## The problem:
From the material below, copy every line in which the word "street" occurs.

## Extracted records:

=== Section Start ===

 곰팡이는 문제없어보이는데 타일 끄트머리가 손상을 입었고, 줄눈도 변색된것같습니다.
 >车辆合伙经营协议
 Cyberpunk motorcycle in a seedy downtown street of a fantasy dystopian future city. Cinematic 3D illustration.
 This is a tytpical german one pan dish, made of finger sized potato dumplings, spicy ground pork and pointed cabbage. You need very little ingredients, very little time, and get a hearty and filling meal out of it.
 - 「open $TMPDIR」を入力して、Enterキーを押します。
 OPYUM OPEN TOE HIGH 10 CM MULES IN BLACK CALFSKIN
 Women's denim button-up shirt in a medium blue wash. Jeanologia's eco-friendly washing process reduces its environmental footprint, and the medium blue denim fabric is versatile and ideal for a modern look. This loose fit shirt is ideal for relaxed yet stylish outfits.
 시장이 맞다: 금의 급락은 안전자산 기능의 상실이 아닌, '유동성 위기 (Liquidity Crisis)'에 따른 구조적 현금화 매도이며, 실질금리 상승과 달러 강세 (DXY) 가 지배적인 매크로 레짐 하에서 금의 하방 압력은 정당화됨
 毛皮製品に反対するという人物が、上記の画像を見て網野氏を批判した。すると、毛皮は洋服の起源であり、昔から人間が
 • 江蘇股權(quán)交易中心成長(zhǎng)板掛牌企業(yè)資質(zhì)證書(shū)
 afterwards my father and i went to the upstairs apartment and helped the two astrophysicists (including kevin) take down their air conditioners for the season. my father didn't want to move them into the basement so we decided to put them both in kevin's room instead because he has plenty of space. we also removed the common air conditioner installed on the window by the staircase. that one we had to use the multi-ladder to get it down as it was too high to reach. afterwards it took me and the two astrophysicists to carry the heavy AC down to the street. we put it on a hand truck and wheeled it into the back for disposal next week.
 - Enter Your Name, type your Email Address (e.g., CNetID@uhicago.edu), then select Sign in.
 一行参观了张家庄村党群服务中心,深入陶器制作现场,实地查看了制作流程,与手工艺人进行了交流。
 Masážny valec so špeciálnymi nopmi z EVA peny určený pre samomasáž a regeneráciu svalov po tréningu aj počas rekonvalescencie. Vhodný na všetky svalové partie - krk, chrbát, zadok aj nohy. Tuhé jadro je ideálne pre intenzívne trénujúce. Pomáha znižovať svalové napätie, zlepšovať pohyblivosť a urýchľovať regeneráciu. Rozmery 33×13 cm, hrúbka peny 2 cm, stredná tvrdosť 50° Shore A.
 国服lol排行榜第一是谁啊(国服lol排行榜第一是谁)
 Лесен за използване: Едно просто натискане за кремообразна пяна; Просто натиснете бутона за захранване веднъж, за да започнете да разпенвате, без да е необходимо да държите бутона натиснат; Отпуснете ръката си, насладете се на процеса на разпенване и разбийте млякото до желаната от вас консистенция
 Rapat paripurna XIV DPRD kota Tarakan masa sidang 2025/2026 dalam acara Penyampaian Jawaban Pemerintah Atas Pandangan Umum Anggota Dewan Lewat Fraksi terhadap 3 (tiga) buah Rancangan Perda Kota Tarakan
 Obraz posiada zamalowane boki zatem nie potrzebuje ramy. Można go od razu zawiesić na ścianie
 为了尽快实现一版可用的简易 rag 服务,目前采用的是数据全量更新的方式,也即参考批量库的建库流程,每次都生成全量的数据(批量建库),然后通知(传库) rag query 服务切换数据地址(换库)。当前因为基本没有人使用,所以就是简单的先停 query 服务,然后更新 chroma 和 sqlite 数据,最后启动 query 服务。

=== Section End ===

## Finished exercise:
 Cyberpunk motorcycle in a seedy downtown street of a fantasy dystopian future city. Cinematic 3D illustration.
 afterwards my father and i went to the upstairs apartment and helped the two astrophysicists (including kevin) take down their air conditioners for the season. my father didn't want to move them into the basement so we decided to put them both in kevin's room instead because he has plenty of space. we also removed the common air conditioner installed on the window by the staircase. that one we had to use the multi-ladder to get it down as it was too high to reach. afterwards it took me and the two astrophysicists to carry the heavy AC down to the street. we put it on a hand truck and wheeled it into the back for disposal next week.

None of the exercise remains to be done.